Na patelni przesmażamy pokrojoną w paski brukselkę. Dodajemy szczypiorek, musztardę, mascarpone i koper. Doprawiamy solą i pieprzem w razie potrzeby. Na ziemniaki wykładamy farsz mięsny, następnie brukselkę i układamy lub posypujemy wędzonym serem. Teraz niczym roladę biszkoptową zwijamy ziemniaki i do paki, czyli piekarnika. Zapiekamy na złoty kolor (w temp. 200 stopni około 20 minut)
Chociaż Polan w wielu klasycznych przepisach wprowadził odrobinę szaleństwa, w przypadku ciasta na pączki postawił na klasykę. Duża ilość żółtek i smażenie na smalcu powodują, że smakują one tak, jak kiedyś.
Żółtka i jajka (muszą być w temp. pokojowej) ucieramy z cukrem i cukrem wanilinowym na kogel-mogel. Drożdże rozpuszczamy w ciepłym mleku, dodajemy 2-3 łyżki mąki, 1 łyżkę cukru i odstawiamy do wyrośnięcia. Przekładamy do ubitych jaj, dodajemy pozostałą mąkę (lekko podgrzaną, najlepiej na kaloryferze lub w 30 stopniach w piekarniku). Wyrabiamy ciasto, dokładając stopniowo rozpuszczone masło, sól i spirytus. Ciasto o dość luźnej strukturze odstawiamy do wyrośnięcia, a my zabieramy się za dodatki.
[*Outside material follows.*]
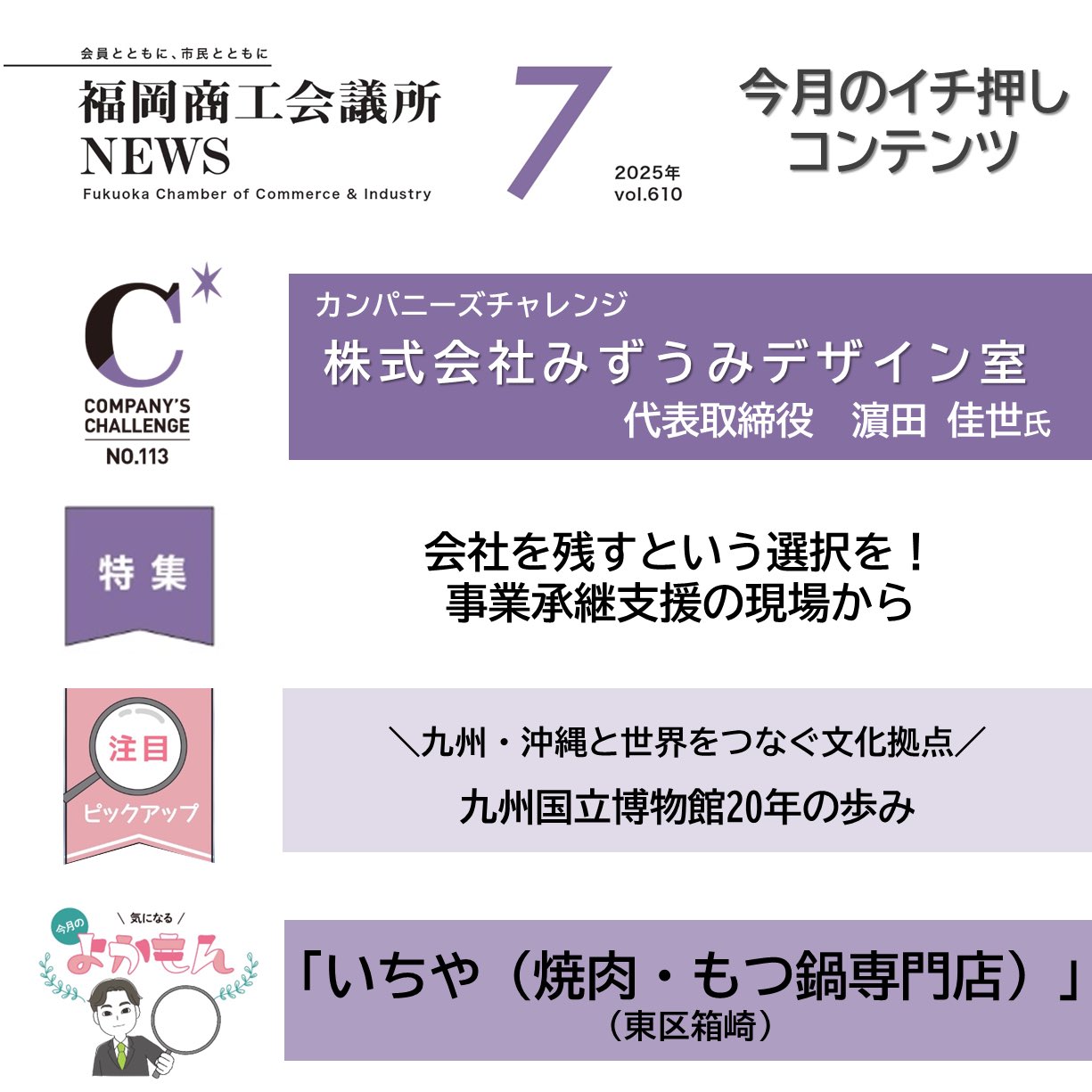 福岡商工会議所 @fukuoka_cci · Jul 10, 2025 #福岡商工会議所NEWS 7月号発行🏝️ 🏝️特集 会社を残すという選択を!#事業承継 の現場から 🏝️注目ピックアップ \九州・沖縄と世界をつなぐ文化交流拠点/ #九州国立博物館 20年の歩み 🏝️#カンパニーズチャレンジ ㈱みずうみデザイン室 🏝️#よかもん いちや(東区箱fukunet.or.jp/about/news/QhQ1h3l 1 156

Czekoladę siekamy i wkładamy do miski. Zalewamy gorącą śmietanką z masłem, po kilku minutach mieszamy do uzyskania aksamitnej masy. Odstawiamy do przestudzenia, następnie chwile ubijamy mikserem.
Powidła łączymy z krupnikiem.
Śmietankę, ser mascarpone i cukry ubijamy razem na puch.
Żółtka ubijamy na sztywno z cukrem i cukrem wanilinowym, mleko gotujemy, zostawiając pół szklanki. Tę część mleka dodajemy do ubitych żółtek i mieszamy ze skrobią kukurydzianą. Kiedy tylko mleko się zagotuje, zalewamy ubite żółtka, mieszamy i raz jeszcze wstawiamy na kuchenkę. Mieszając, doprowadzamy do wrzenia i odstawiamy do przestudzenia.
Podrośnięte ciasto dzielimy na równe kawałki, surowa porcja ciasta na jeden pączek powinna ważyć mniej więcej 70-80 g. Pączki nadziewamy powidłami, białą czekoladą, kremem waniliowym i kremem śmietankowym i układamy na pergaminie do wyrośnięcia. Wszystkie pączki przykrywamy ściereczką bawełnianą, odstawiamy do wyrośnięcia i następnie lekkie jak puch smażymy na smalcu.